By Ernesto Londoño and Zaid Sabah
Washington Post Foreign Service
Thursday, June 25, 2009
BAGHDAD, June 24 -- A powerful bomb killed more than 75 people Wednesday night at a market in Sadr City, Baghdad's main Shiite neighborhood, casting doubt on the readiness of Iraq's security forces to keep a latent insurgency in check as U.S. troops pull out of the capital and other cities.
The blast, the second in Iraq in less than a week to kill more than 70 people, happened six days before the June 30 deadline for U.S. troops to retreat from urban outposts, the first of three withdrawal deadlines mandated under a security agreement.
The blast at the Mredi bird market occurred shortly after sundown, when the area was crowded with residents out shopping after the summer day's scorching heat had subsided.
The explosives were concealed under vegetables in the carriage of a three-wheeled motorcycle parked at the edge of the market, which is off-limits to vehicles, officials and witnesses said.
"I saw a big ball of fire," said Abu Ahmed, 50, who had been shopping. "We all dashed into the alleys, expecting another one to explode."
As the smoke began to clear, residents returned to the site to look for wounded people, who were loaded into vehicles and wooden carts. About 20 minutes later, Iraqi soldiers arrived and began shooting into the air to disperse the crowd, witnesses said. Residents hurled insults, stones and shoes at the troops.
"People were very mad because they were very late," Abu Ahmed said of the soldiers. "They only sit on their chairs and watch people and play with cellphones."
Hospital officials at Imam Ali and Sadr hospitals, the area's two main medical centers, said in telephone interviews late Wednesday that they had received at least 75 bodies.
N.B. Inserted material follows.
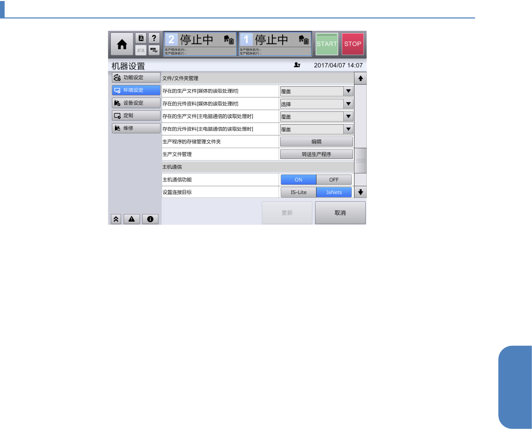 第 4 章 操作篇 4- 17. 机器设置 483 4 4- 17 - 30. 文件 / 文件夹管理 存在的生产文件 [ 媒体的读取处理时 ] 从 USB 媒 体读入生产文件后 ,若装置内已有该生产文件 时,确定是否采用。 「不覆盖」:不 覆盖生产文件,按错误处理 「覆盖」:覆盖 生产文件 覆盖时,将显示 是否确认覆盖的画面。 存在的元件资料 [ 媒体的读取处理时 ] 对于从 U SB 媒 体读入生产文件时, 生产文件中包含有相…
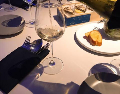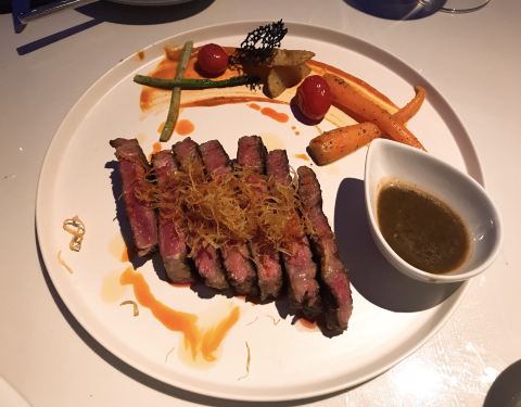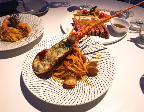 这家餐厅位于阿拉宁波人都知道的玉米楼内,电梯平稳将我们送至33楼,电梯门口,就传来优雅的音乐声! 一侧是大幅的黑黄色构成的南瓜墙绘,步入餐厅,吧台居中,将最棒的靠窗景观都留给了顾客。 我被一个大猪蹄子给吸引了,哈哈哈,这应该是享誉美食届的伊比利亚小河塞5J黑毛猪火腿吧? 我觉得,餐厅最出色的设计就是用将屋顶装扮成了星空,并运用了大量的镜子,以增加空间感和穿越性,在舒适的就餐环境中,佐以的浪漫而慵懒的轻音乐,怎不令人为之倾倒? 吉拉多生蚝Gillardeau看着就一盏盈肥的蚝肉,看着就让我口内生津,挤上几滴柠檬汁,囫囵吸进嘴里,滑爽润舌,清甜的回味,带给我美妙的海味体验。 意大利手工肉肠拼盘Italian home-made Antipasto我最喜欢标配般存在的帕尔玛火腿,其咸中透鲜的口感,能充分刺激我的食欲,对后续菜品充满了期待感。 奶油蘑菇汤Cream of mushroom soup接触最多的法国汤品了,咸鲜透着浓郁奶油香甜味,我是一直百喝不厌。 澳洲谷饲180天牛眼肉Australia 180days beef rib-bye摆盘漂亮,切为条状,肉色粉红,谷饲眼肉之鲜美多汁,完美呈现。 藤椒烧鸡意大利面Rattan pepper chichen with spaghetti olive oil藤椒做为花椒的新品种,最近很受食客欢迎,将其与最百搭、最传统的Spaghetti相搭,微微的麻辣感使得意面顺滑而不粘连,软硬适中有嚼劲,味道丰富多层。 俯瞰三江夜景,近揽明月在怀,人生之大幸也!

More than 100 people were wounded, hospital officials said.
The attack, the deadliest in Sadr City in more than a year, came just days after the U.S. military closed its small outposts in the area at the Iraqi government's insistence.
"This is one of the biggest mistakes the U.S. has made," said Kadhum Irboee al-Quraishi, a local leader in Sadr City who has worked closely with the Americans. "Assassinations will start again, and the terrorists are going to show that Iraqi forces are not capable of receiving responsibility."
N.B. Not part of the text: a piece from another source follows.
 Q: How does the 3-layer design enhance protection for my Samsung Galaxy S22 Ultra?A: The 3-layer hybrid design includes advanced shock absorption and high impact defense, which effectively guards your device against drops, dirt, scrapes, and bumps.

Sadr City is the stronghold of anti-American Shiite cleric Moqtada al-Sadr. Militias loyal to Sadr controlled the area until the Iraqi army was deployed there in the spring of 2008 as part of a delicate negotiation between Sadrist leaders and Prime Minister Nouri al-Maliki.
Maliki and U.S. commanders have said they expect the June 30 deadline to trigger an uptick in violence. Extremists, they say, are motivated by a desire to undermine the Iraqi government and to leave the impression that U.S. forces are retreating even as security deteriorates.
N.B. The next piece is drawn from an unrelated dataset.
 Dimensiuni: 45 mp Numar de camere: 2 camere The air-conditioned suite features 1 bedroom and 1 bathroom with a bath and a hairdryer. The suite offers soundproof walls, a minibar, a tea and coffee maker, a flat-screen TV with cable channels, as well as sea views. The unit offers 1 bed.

The bombing Wednesday, like scores of similar attacks this year, targeted a mostly Shiite area. But unlike similar attacks in 2006 and 2007, the latest wave of bombings has not provoked retaliation by Shiite militias, a cycle that brought Iraq to the brink of civil war in 2007.
"This is no longer a sectarian war," Quraishi said. "This is now a political war. They are trying to topple Maliki's government."
Maliki, who is widely believed to be seeking reelection, has tied his political future to restoring security and weaning the country from its dependence on the U.S. military.
Zainab Karim, a lawmaker from Sadr's parliamentary bloc, said the recent attacks are intended to widen political divisions ahead of national elections set for January.
"The message they want to deliver is that Iraqis are not capable of handling security in Sadr City," she said. "They're trying to pit the Sadr movement against the Iraqi government."
Earlier in the day, Brig. Gen. Stephen R. Lanza, the top U.S. military spokesman in Iraq, said the overall level of attacks remains low compared with other periods of the six-year war.
"There will be some challenges as we move out of the cities," he told reporters Wednesday afternoon.
Lanza said some U.S. combat soldiers will remain in urban facilities past the June 30 deadline, although they would be engaged in "stability" rather than "combat" operations. He declined to say how many soldiers would remain.
Maliki's government has hailed the U.S. withdrawal plan as a "victory" and has shown little flexibility when U.S. commanders have hinted that they would like to keep combat troops in certain restive urban areas. It is planning festivities Monday to mark the urban withdrawal and has declared June 30 a national holiday.
"The national holiday is really about them celebrating their sovereignty," Lanza said. "This is a tremendous, tremendous event for the Iraqi people."